These new requirements are about what is allowed, they’re not minimum standards and it doesn’t mean developers will build to 10 or 15 storeys in these areas. Change will also not happen overnight, regardless, even partially delivered it will mean thousands more people could be living in these areas and catching the train, and there’s an issue with that.
While all of our train lines will be benefit from the CRL, thanks to the new stations in the city centre and improved frequencies, the western line gets the additional benefit of a shorter route delivering additional travel time savings of around 10 minutes for trips to Britomart. A trip from Mt Albert to Te Waihorotiu in the middle of town will be only around 15 minutes.

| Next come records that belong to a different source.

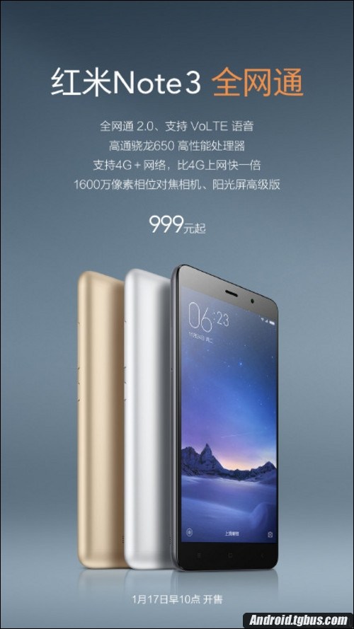 至於大家所關心的紅米Note3全網通版什麼時候上市,據安卓中文網了解,這款手機將於1月 17日(星期天) 正式上市發售,感興趣的朋友們千萬不要錯過哦。
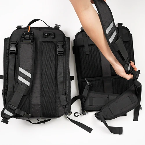 D: Wide shoulder straps + back support + waist belt for more effortless carrying
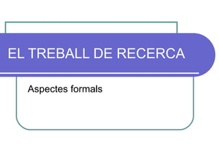 La presentació delTdR Les citacions En un treball se citen sovint textos d’autors consagrats per reforçar certes afirmacions o per enfortir algun comentari que s’hi exposa. Els fragments que se citen han de tenir una extensió raonable i caldrà escriure’ls entre cometes.
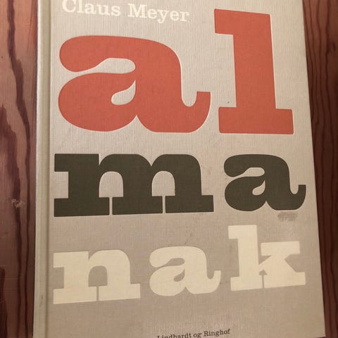 Almanak, Claus Meyer, emne: biologi og botanik, ALMANAK er Claus Meyers drøm om det fuldendte madår. Med udgangspunkt i årets gang og sæsonernes skiftende råvarer tilbyder bogen mere end 1.000 opskrifter på aftensmad, småretter og desserter, men også syltesager, pålæg, drikkelse, brød og kager. Det hele fordelt ud over samtlige af årets 365 dage.
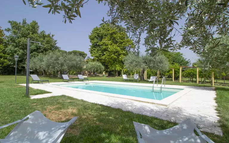 Beautiful, comfortable villa "Casale Barbi", detached, surrounded by trees and fields. Property composed of main house and outbuilding 1.5 km from the centre of Velletri, 40 km from the centre of Roma, residential area (villas), 35 km from the sea, 15 km from the lake. Private: well-kept garden 2'000 m2 (fenced) with lawn and trees, swimming pool (4 x 8 m, depth 110 cm, 23.05.-03.10.). Patio, garden furniture, barbecue, pool maintenance by the owner/gardener. Stepped path to the house. Parking on the premises. Supermarket 1.5 km, sandy beach "Anzio" 35 km. Nearby attractions: Rocca Di Papa 17 km, Castel Gandolfo 19 km, Frascati 26 km. Well-known lakes can easily be reached: Nemi 10 km, Albano 12 km. Please note: car recommended. The owner does not accept any youth groups. Residence with electric gates.
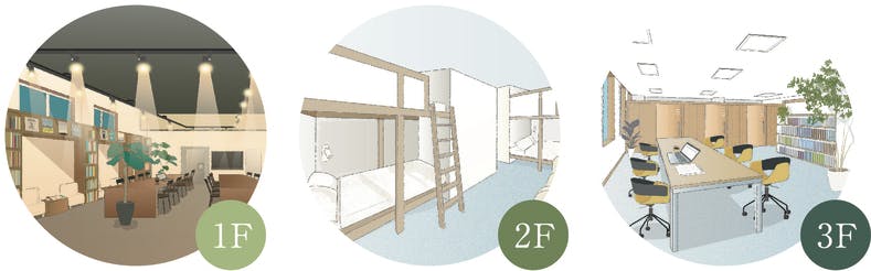 1F カフェ・バー / ミーティングルーム / ゲストハウス・コワーキングレセプション
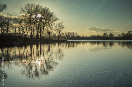 © Richard Kleu, Fototapeta premium Flussmündung der Sieg in den Rhein bei Bonn
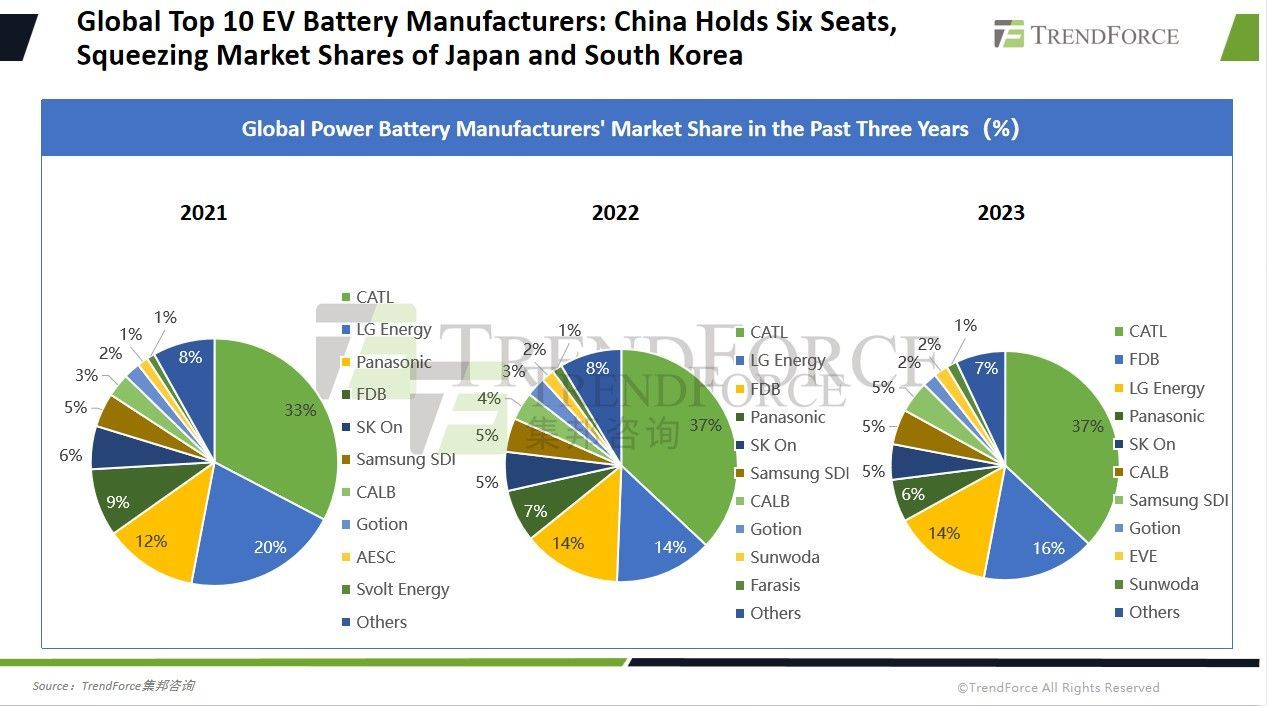 例如,松下在电动汽车电池市场的份额已降至约 6%,韩国制造商的市场份额总和约为 23%。
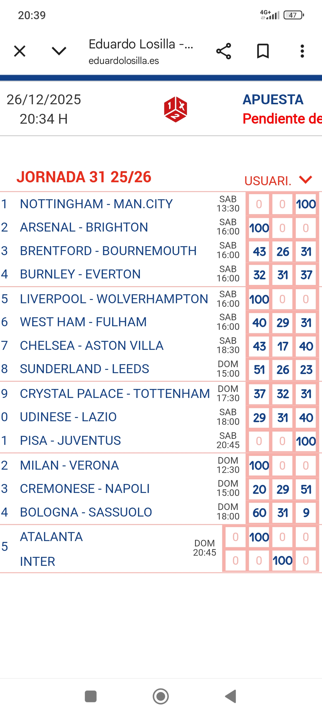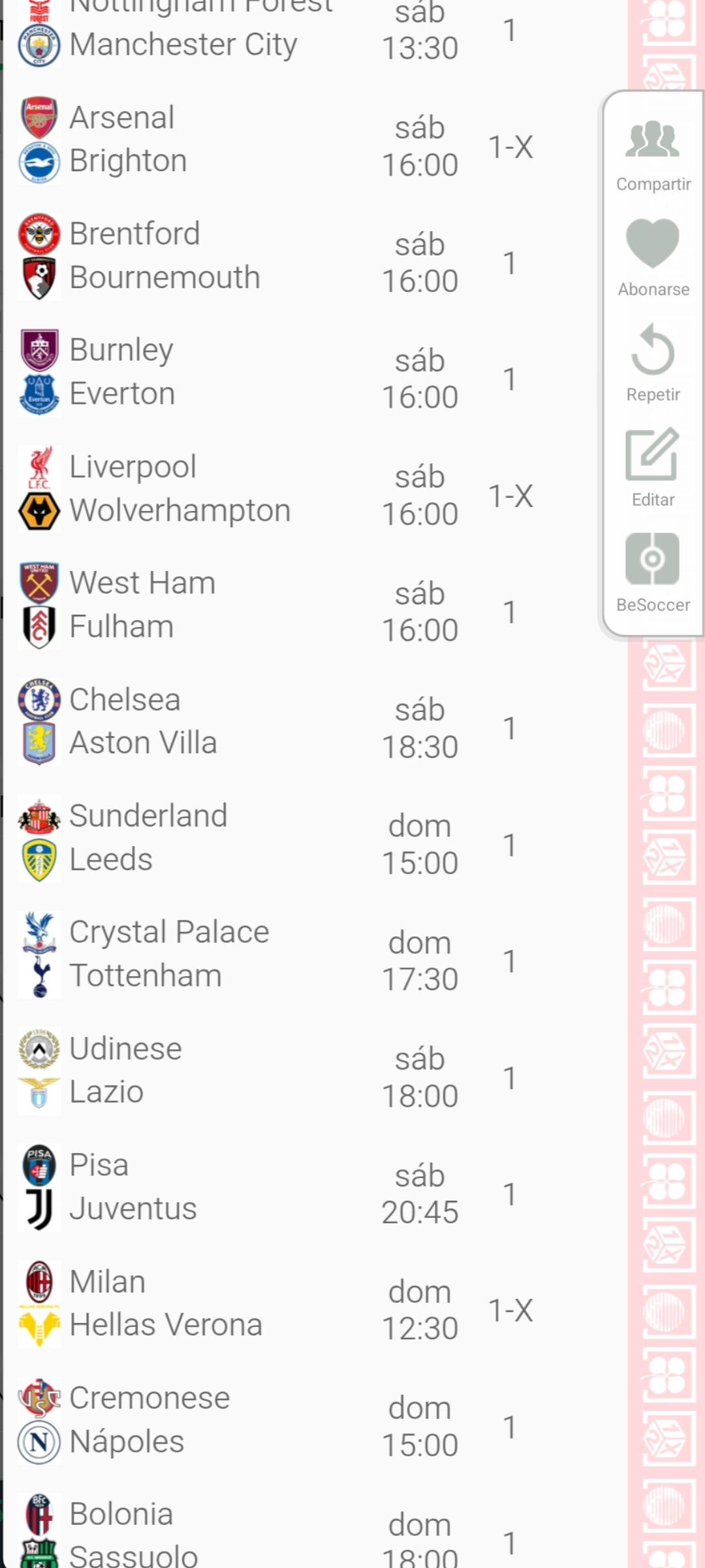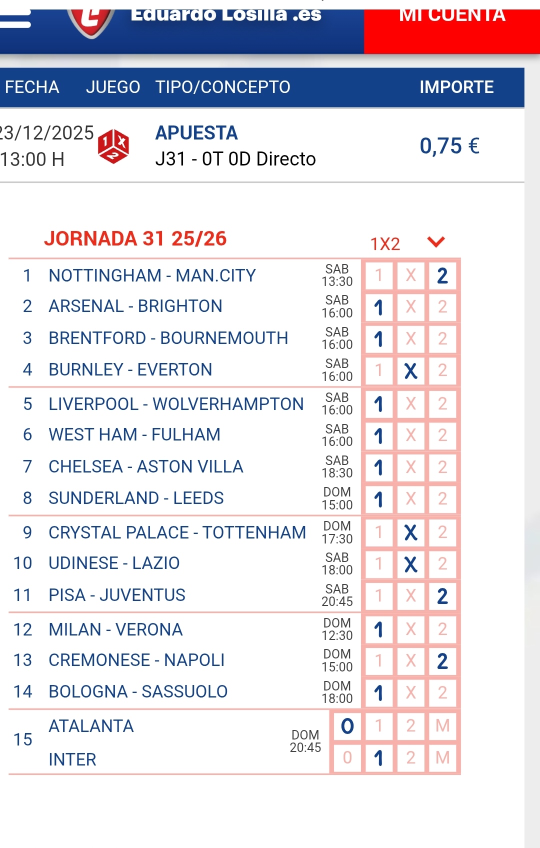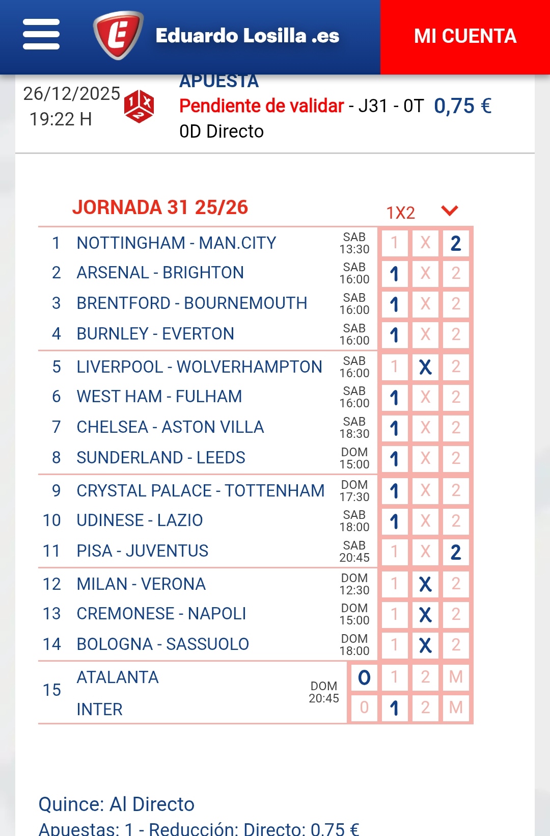 carmelo @cargom TOP MEM · (209 p) #118 Concurso Quiniela15 @cargom lleva 209 aciertos (puntos) esta temporada y va en la posición #118 del ranking del concurso de quinielistas. · hace 1 día · ⤤ Pisa-Juventus Sólo una victoria de los locales en el campeonato. En casa han rascado empates. No hay que perder de vista que han empatado la mitad de los partidos. La victoria con otro recién ascendido Aún con todo la Juve sólo ha perdido un partido de los últimos Sólo ha cedido en campo del actual campeón el Napoli. Aunque sea reñida o sufrida aquí debería haber victoria visitante 2 · Responder (1) Expandir comentario carmelo @cargom TOP MEM ↪ cargom · (209 p) #118 Concurso Quiniela15 @cargom lleva 209 aciertos (puntos) esta temporada y va en la posición #118 del ranking del concurso de quinielistas. · hace 12 horas Un partido perdido de los últimos seis la Juve quería decir. Que me he dejado la frase a mitad😀 · Responder (0) Expandir comentario
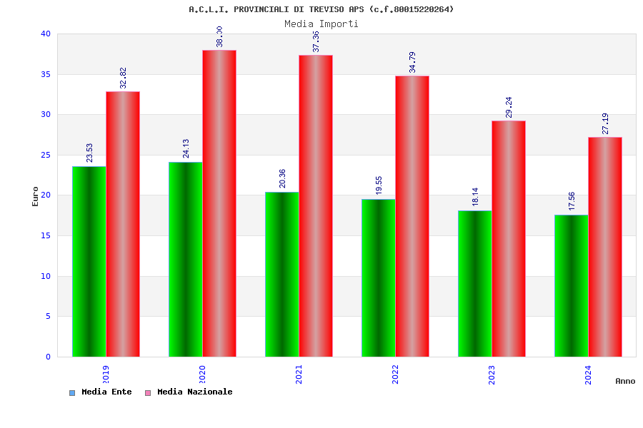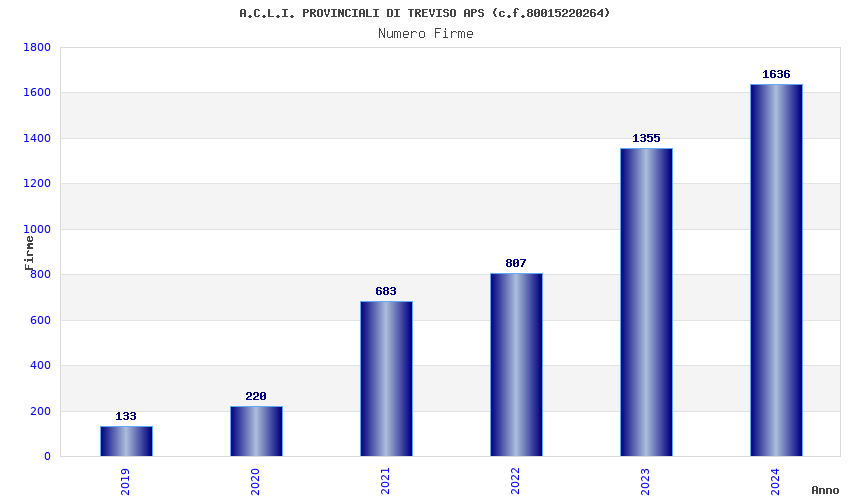 | Anno | Firme | Importi | Media | Naz. | Reg. | Prov. | Comu. |
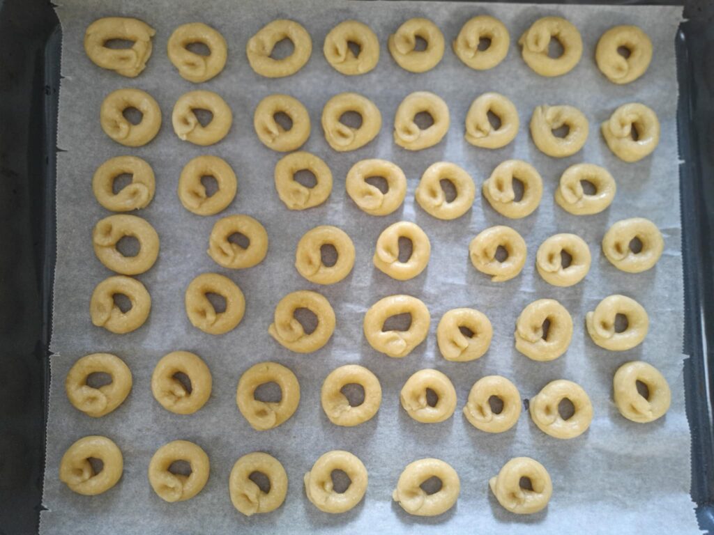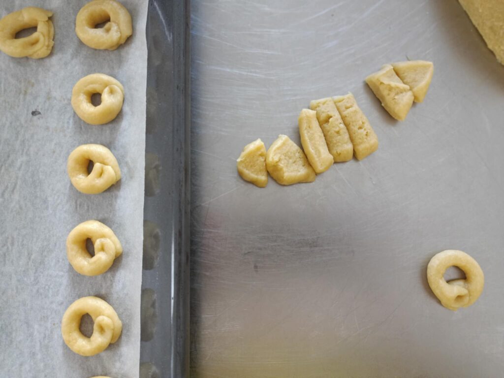 7. Sistema i tarallini su una teglia ricoperta di carta forno.
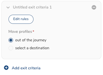 - To complete your exit criteria, enter a name and identify how to move profiles out of the journey.
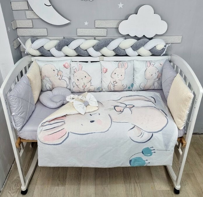 Juno, інтернет-магазин дитячих товарів / Товари / Комплект постільної білизни Принт Польська бязь Зайка з морквою молочно-сірий NEW
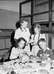 Evaline Sellors with art students (left to right) Jean Kingery, Sue Corder and Larry Garrison.
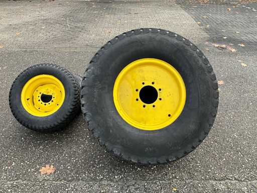 2x BKT 27x10.50-15 6-gaats velg, 2x Titan 44x15.00-20 8-gaats velg
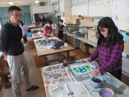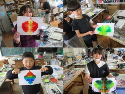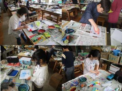 図工の時間にお邪魔しました。「絵の具でゆめもよう」いろいろな物を使って、自分だけのオリジナルアートを完成させていました。
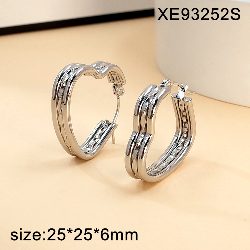 Level A Stainless Steel New Trendy Women Jewelry Heart Steel color Valentine's Day Hoop Earrings
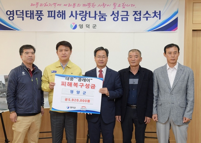 [½Ã»çÄÚ¸®¾ÆÀú³Î ±è¿¬ÇÐ ±âÀÚ] ¿µ¾ç±º(±º¼ö ¿ÀµµÃ¢)Àº 15ÀÏ ¿µ¾ç±ºÀÌÀåÇùÀÇȸ(ȸÀå ±èÃ¢ÈÆ) ¹× ¿µ¾ç±ºÃ¼À°È¸(»óÀÓºÎȸÀå ÀÌÀçÃá) ÀÓ¿ø°ú ÇÔ²² ¿µ´ö±ºÃ»À» ¹æ¹®ÇÏ¿© ÅÂdz Äá·¹ÀÌ·Î ÀÎÇØ Å« ÇÇÇØ¸¦ ÀÔÀº ¿µ´ö±º ÁֹεéÀ» µ½±â À§ÇÑ ¼º±Ý 592¸¸ ¿øÀ» Àü´ÞÇß´Ù.
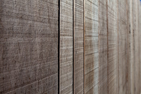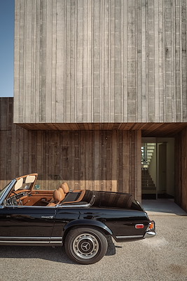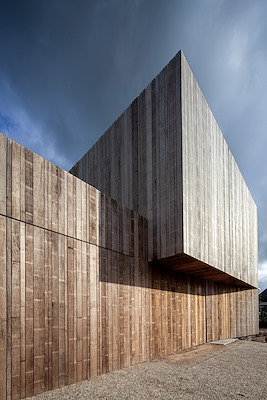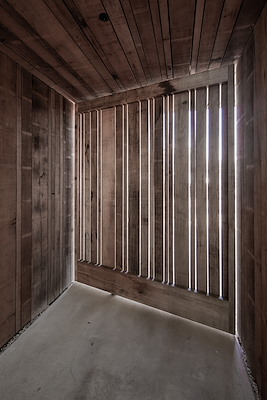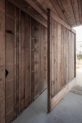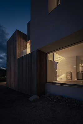 De zorgvuldig gedetailleerde villa is gematerialiseerd in ruwe, maar tegelijkertijd elegant ogende gevelmaterialen. De voorzijde bestaat uit houtelementen die iets uit elkaar zijn geplaatst, het licht in de woning ’s avonds via de achtergelegen ramen doorschijnt. De achterkant is gestukt in kalkpleister met een rauwe textuur die van afstand evenwel steeds ‘gladder’ oogt.
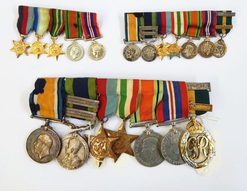 Group of seven medals comprising the 1914-18 War medal awarded to 2nd Lt O F Curtoys, the George V India General Service medal with two bars (Waziristan 1919-21 and 1921-24) awarded to Lt O F Curtoys, Sikh PNRS, a 1939-45 Star, the Italy Star, a 1939-45 Defence medal, a 1939-45 War medal and a George VI Efficiency medal with gilt bar and with Territorial bar, a corresponding set of miniatures, a second set of miniatures for a WWII medal group and various other items
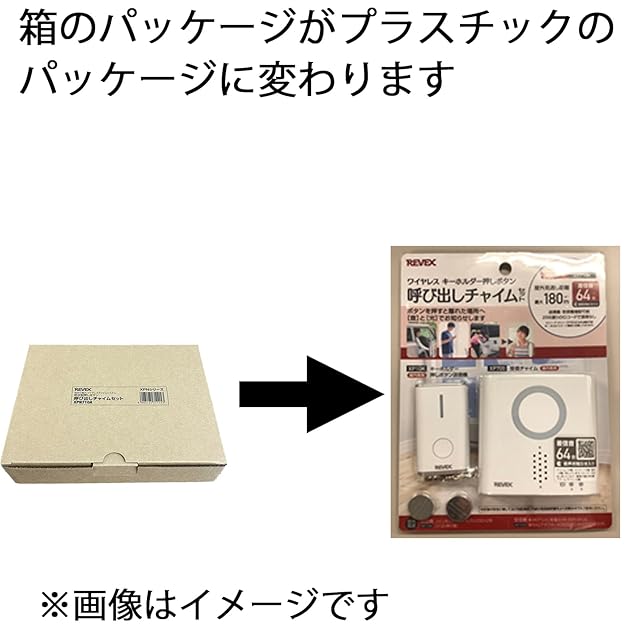 サイズ・重量(電池を含まない)(約):送信機/5.6×8.7×2.8cm・センサー部/径3.8×2.1cm・69g 、受信チャイム/9×9.1×3.2cm・85g

I think it means trains are going be incredibly popular from stations all along the Western Line. Yet AT’s plans and even the current long term rail planning seems to be based around not as much growth in usage from the west as other parts of the network – I think they’re wrong about their demand modelling and will cover it in more detail in a separate post. As such, the west will see fewer improvements in train frequency compared to the other lines and while it won’t be an issue day one, over time, thousands more people wanting to use will put additional pressure on services.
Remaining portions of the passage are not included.